**Source data**
★ ★ ★ ★

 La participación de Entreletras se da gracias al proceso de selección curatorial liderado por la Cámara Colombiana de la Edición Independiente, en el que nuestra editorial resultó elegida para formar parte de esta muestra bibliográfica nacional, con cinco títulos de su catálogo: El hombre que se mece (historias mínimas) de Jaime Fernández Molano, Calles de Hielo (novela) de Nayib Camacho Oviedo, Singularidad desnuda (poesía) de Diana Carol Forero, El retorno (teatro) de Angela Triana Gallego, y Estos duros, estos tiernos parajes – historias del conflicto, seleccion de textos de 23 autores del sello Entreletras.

★ ★ ★ ★

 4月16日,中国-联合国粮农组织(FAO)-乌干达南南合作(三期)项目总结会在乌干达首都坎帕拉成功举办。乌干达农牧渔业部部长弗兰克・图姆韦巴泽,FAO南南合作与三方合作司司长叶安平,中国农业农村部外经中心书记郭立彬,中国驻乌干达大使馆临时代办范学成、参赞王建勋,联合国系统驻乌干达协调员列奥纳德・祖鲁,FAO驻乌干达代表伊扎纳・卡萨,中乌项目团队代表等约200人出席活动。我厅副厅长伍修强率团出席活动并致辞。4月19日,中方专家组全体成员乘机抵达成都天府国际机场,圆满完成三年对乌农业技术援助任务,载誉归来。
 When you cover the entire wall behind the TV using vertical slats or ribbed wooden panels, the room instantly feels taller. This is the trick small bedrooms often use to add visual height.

★ ★ ★ ★

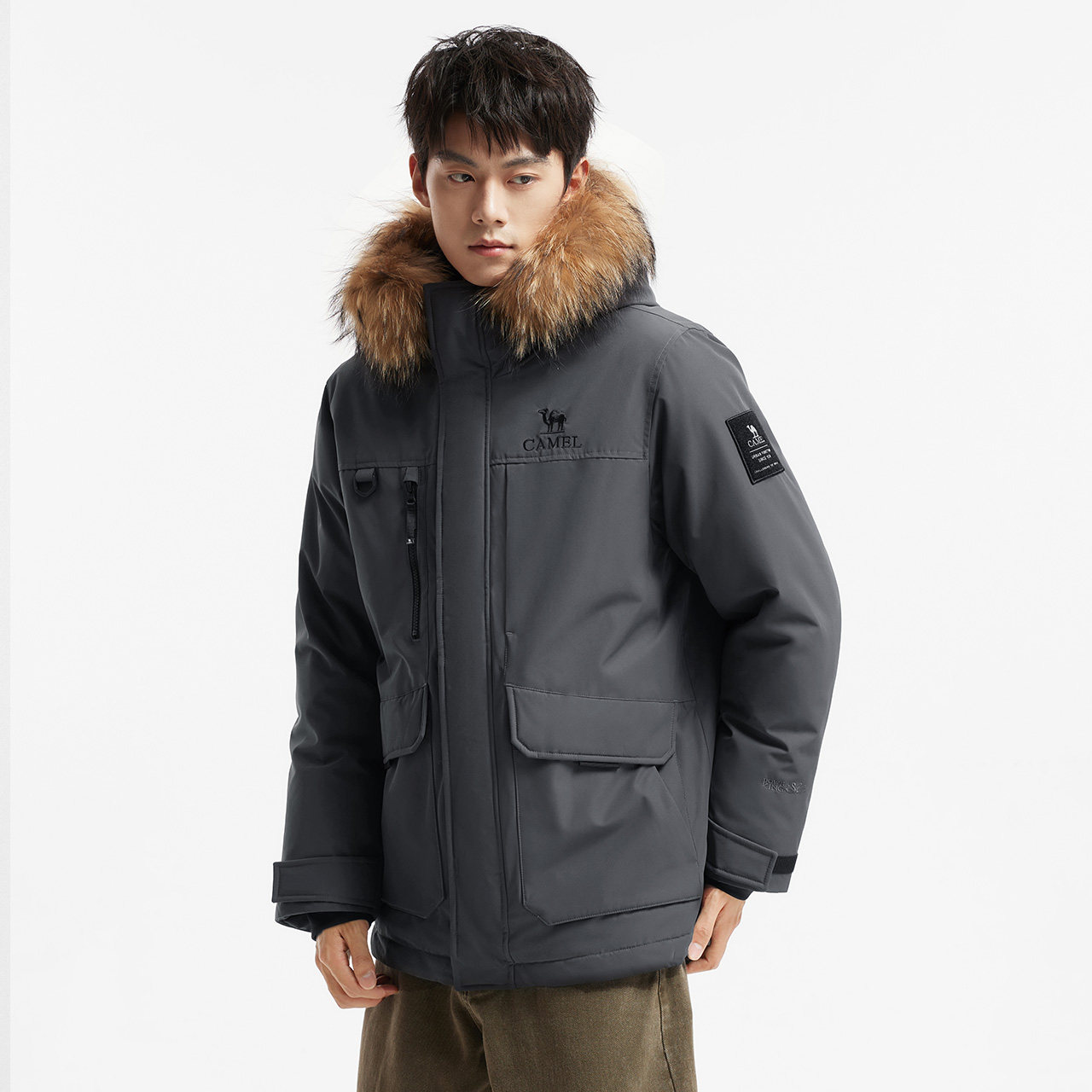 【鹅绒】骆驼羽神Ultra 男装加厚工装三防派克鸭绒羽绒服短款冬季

★ ★ ★ ★

All that should be written out is the stretch of lines above between the one holding "4月16日,中国-联合国粮农" and the one holding "When you cover", inclusive, exactly as given.

 4月16日,中国-联合国粮农组织(FAO)-乌干达南南合作(三期)项目总结会在乌干达首都坎帕拉成功举办。乌干达农牧渔业部部长弗兰克・图姆韦巴泽,FAO南南合作与三方合作司司长叶安平,中国农业农村部外经中心书记郭立彬,中国驻乌干达大使馆临时代办范学成、参赞王建勋,联合国系统驻乌干达协调员列奥纳德・祖鲁,FAO驻乌干达代表伊扎纳・卡萨,中乌项目团队代表等约200人出席活动。我厅副厅长伍修强率团出席活动并致辞。4月19日,中方专家组全体成员乘机抵达成都天府国际机场,圆满完成三年对乌农业技术援助任务,载誉归来。
 When you cover the entire wall behind the TV using vertical slats or ribbed wooden panels, the room instantly feels taller. This is the trick small bedrooms often use to add visual height.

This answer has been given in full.